> ASSIGNMENT
Reproduce without any pictures the lines from the one that contains "第一步:启动手机上的《少儿趣" through the end of the records, exactly as written.

------------

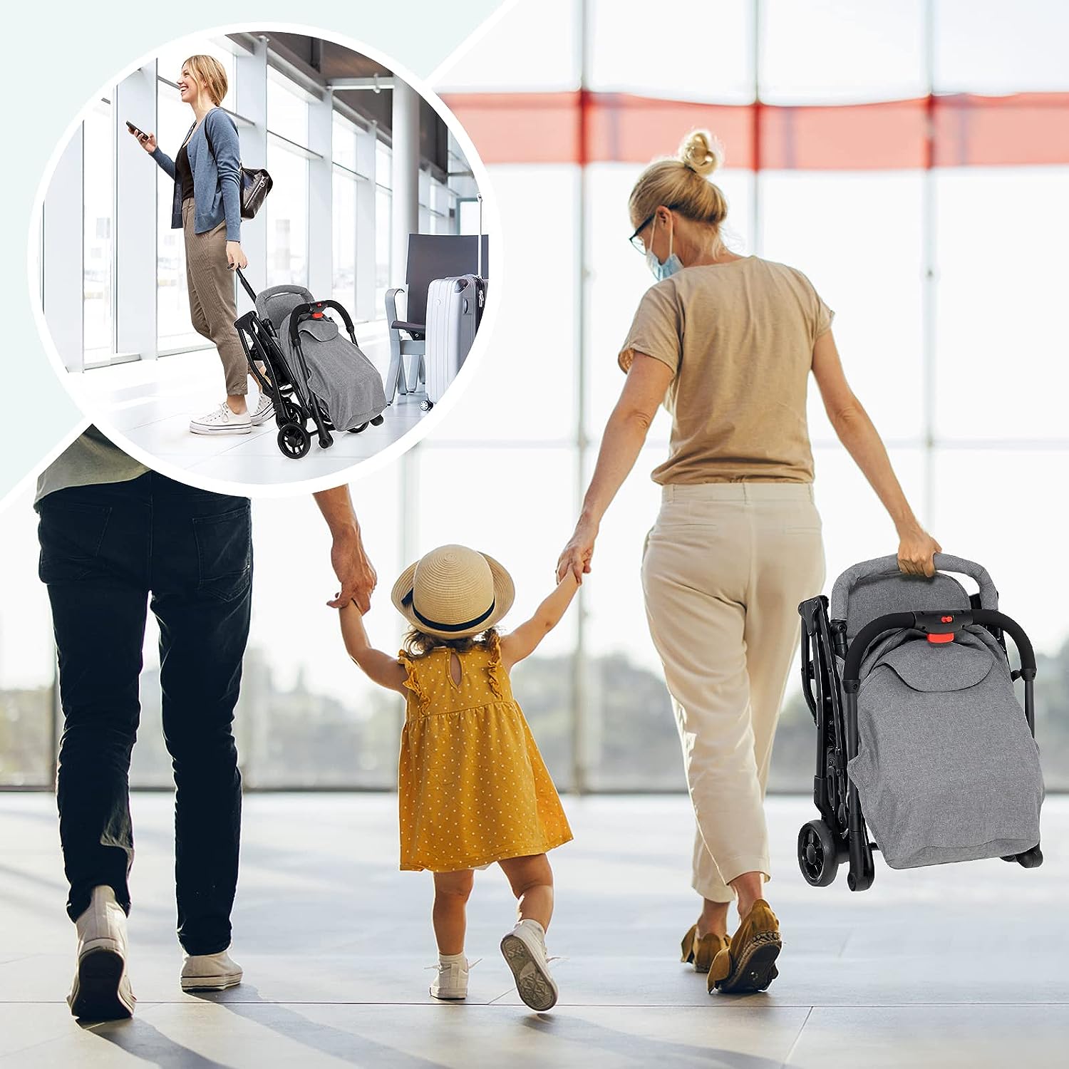 مناسبة للرحلات، التسوق، والسفر الجوي. مثالية للأطفال منذ الولادة وحتى عمر 3 سنوات تقريباً
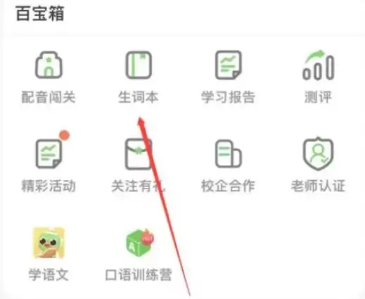第一步:启动手机上的《少儿趣配音》App,登录账号后,在应用首页定位并点击【生词本】入口。
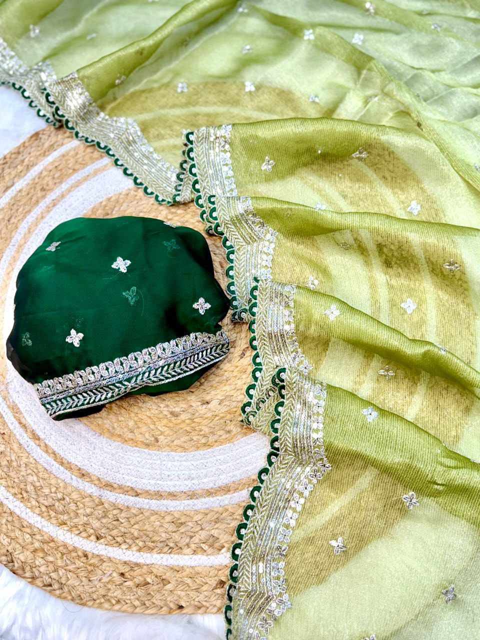 | Name : | RC Sitara Green Thread Embroidery Beautiful Saree |
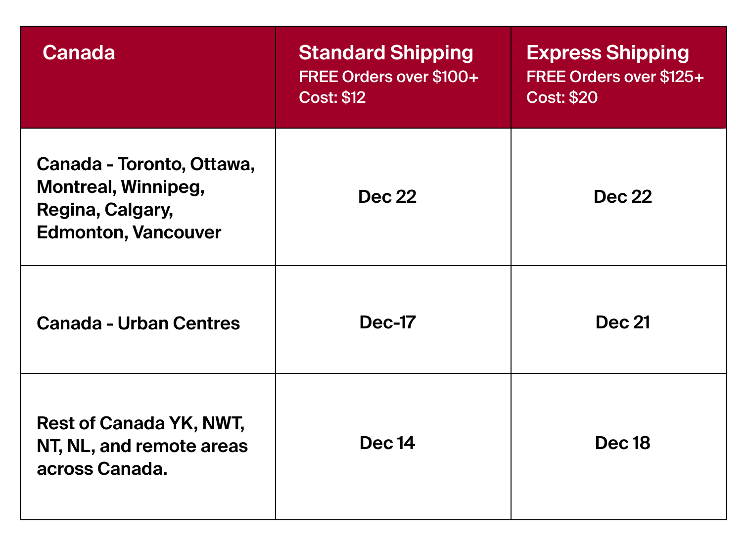 Holiday Shipping
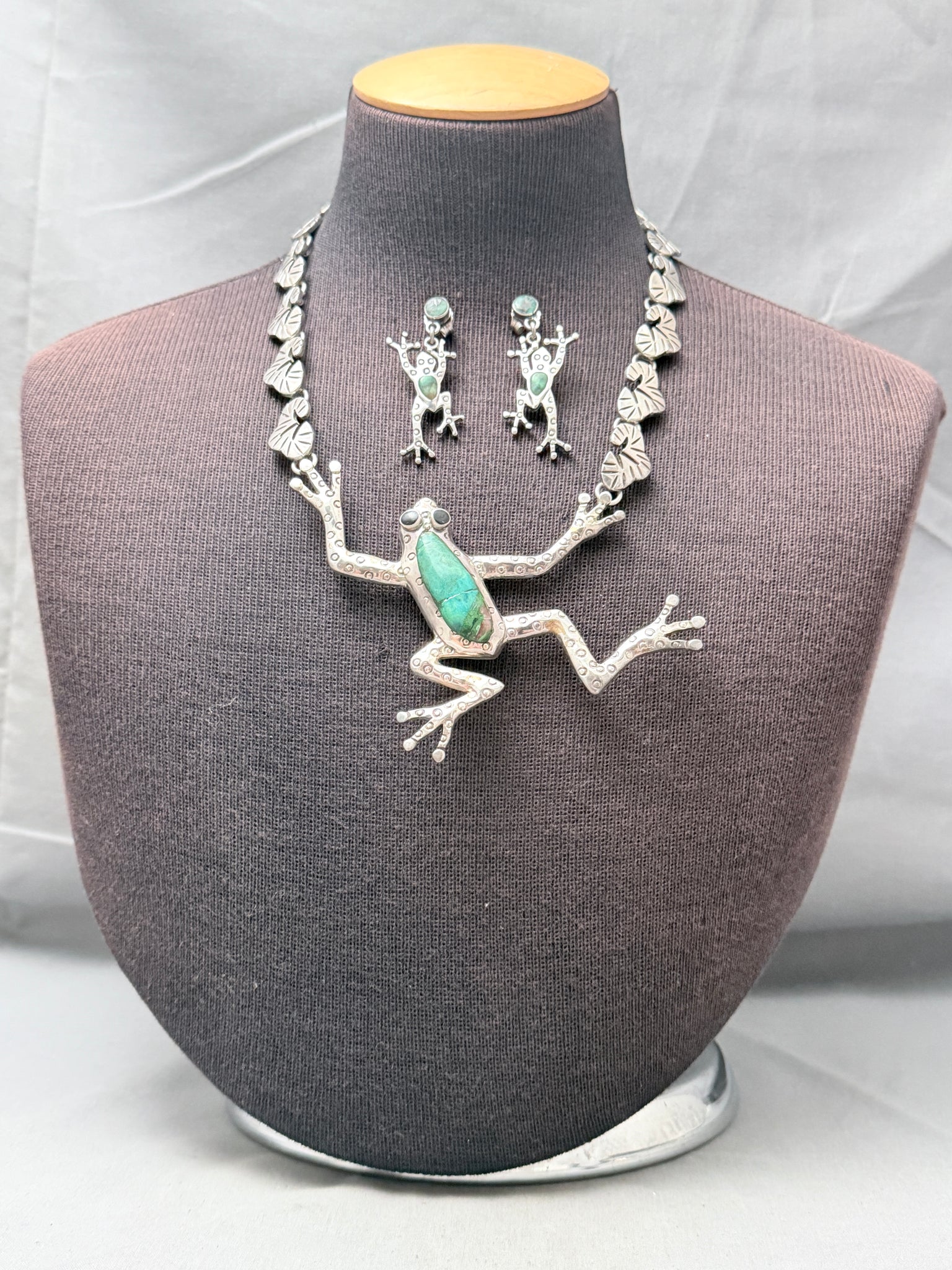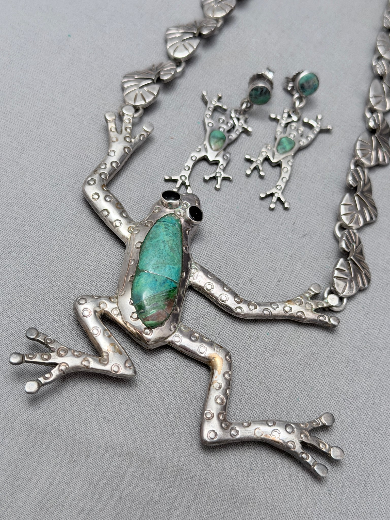 This is an impressive Southwestern turquoise silver frog necklace set. This incredible set consists of a large chunky frog pendant necklace with a beautiful matching pair of silver frog earrings. The necklace contains a large handmade silver frog pendant that measures a whopping 3-3/4' X 3-1/4". Located on the frog pendnat are two onyx snake eye shaped eyes with a chunky Royston turquoise stone. The carvings on the frog consist of silver dotted patterns. Running up the necklce is a beautiful plethora of thick handmade silver lilypad links. The earrings each consist of a hand carved silver frog with two more amazing Royston turquoise stones. Each earring measures around 2" X 3/4". Sterling silver. Cir. 1970's+. The length of the necklace measures around 21". Sturdy 138 grams.
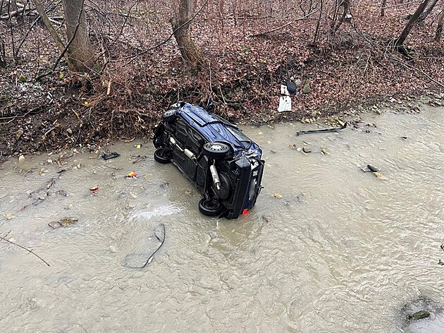 Vůz Škoda částečně převrácený v říčce Ondřejnici mezi obcemi Hukvaldy a Kozlovice na Frýdecko-Místecku. (14. března 2024)

------------

> EXERCISE SOLUTION
第一步:启动手机上的《少儿趣配音》App,登录账号后,在应用首页定位并点击【生词本】入口。
 | Name : | RC Sitara Green Thread Embroidery Beautiful Saree |
 Holiday Shipping
 This is an impressive Southwestern turquoise silver frog necklace set. This incredible set consists of a large chunky frog pendant necklace with a beautiful matching pair of silver frog earrings. The necklace contains a large handmade silver frog pendant that measures a whopping 3-3/4' X 3-1/4". Located on the frog pendnat are two onyx snake eye shaped eyes with a chunky Royston turquoise stone. The carvings on the frog consist of silver dotted patterns. Running up the necklce is a beautiful plethora of thick handmade silver lilypad links. The earrings each consist of a hand carved silver frog with two more amazing Royston turquoise stones. Each earring measures around 2" X 3/4". Sterling silver. Cir. 1970's+. The length of the necklace measures around 21". Sturdy 138 grams.
 Vůz Škoda částečně převrácený v říčce Ondřejnici mezi obcemi Hukvaldy a Kozlovice na Frýdecko-Místecku. (14. března 2024)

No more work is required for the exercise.